Blood plays a very significant role. It is one of the play's major motifs, appearing throughout the play any number of times. One dramatic appearance of the blood motif occurs shortly before Macbeth enters Duncan's chambers to murder him. He sees a daggar floating in the air before him. As Macbeth watches, horrified, blood appears on the dagger. Macbeth's "fatal vision" can be interpreted to symbolize his guilt for the action he is about to take. It also serves to foreshadow the terrible fate that will befall King Duncan momentarily.
After Duncan's murder, as Macbeth's deep and genuine guilt sets in, he speaks figuratively of the blood on his hands. Employing literary hyperbole, Shakespeare has his hero explain that there is so much blood on Macbeth's hands that if he were to thrust one of them into the ocean, there would be enough blood to turn the ocean read. Through this figurative language, the depth of Macbeth's guilt is made clear.

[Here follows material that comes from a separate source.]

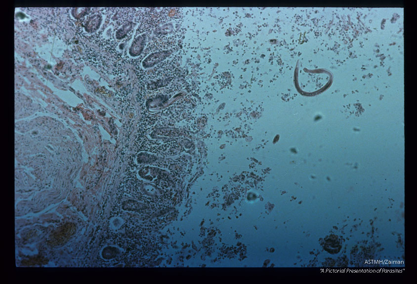 Description: Fatal case in institutionalized child. Low power view showing adult in lumen of bowel.
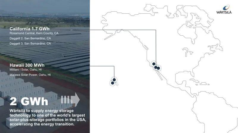 該投資組合包括 Daggett 2 和 Daggett 3 項目,它們共同代表了加利福尼亞州最大的共址光伏加儲能設(shè)施之一,太陽能光伏發(fā)電容量為 482 MWac,儲能容量為 275 MWac / 1.1 GWh。Daggett 項目位于加利福尼亞州的圣貝納迪諾,毗鄰一座退役的煤炭和天然氣工廠。交流耦合儲能系統(tǒng)將在日益動蕩的高峰期提供可再生能源,并幫助該州實現(xiàn)到 2045 年實現(xiàn) 100% 無碳電力的目標(biāo)。Daggett 3 的訂單已于 2021 年第三季度預(yù)訂給瓦錫蘭的訂單,而Daggett 2 的訂單已于 2021 年第四季度預(yù)訂。這兩個項目已開始施工,預(yù)計完工日期為 2023 年。

Finally, Shakespeare returns to the "blood on my hands" motif in the play's conclusion when Lady Macbeth sleepwalks through the castle, reliving the murders of Duncan and Banquo. In her disturbed emotional state, she sees actual blood on her hands and attempts to "wash it away" by rubbing her hands continually. Again, hyperbole is employed. Lady Macbeth says there is so much blood that all the perfumes in Arabia could not take away the smell of blood on her hands.
In these three passages, Shakespeare employs blood to emphasize the guilt in his two characters. Macbeth feels guilt immediately; his wife, although cold and calculating at first, is eventually consumed by her own.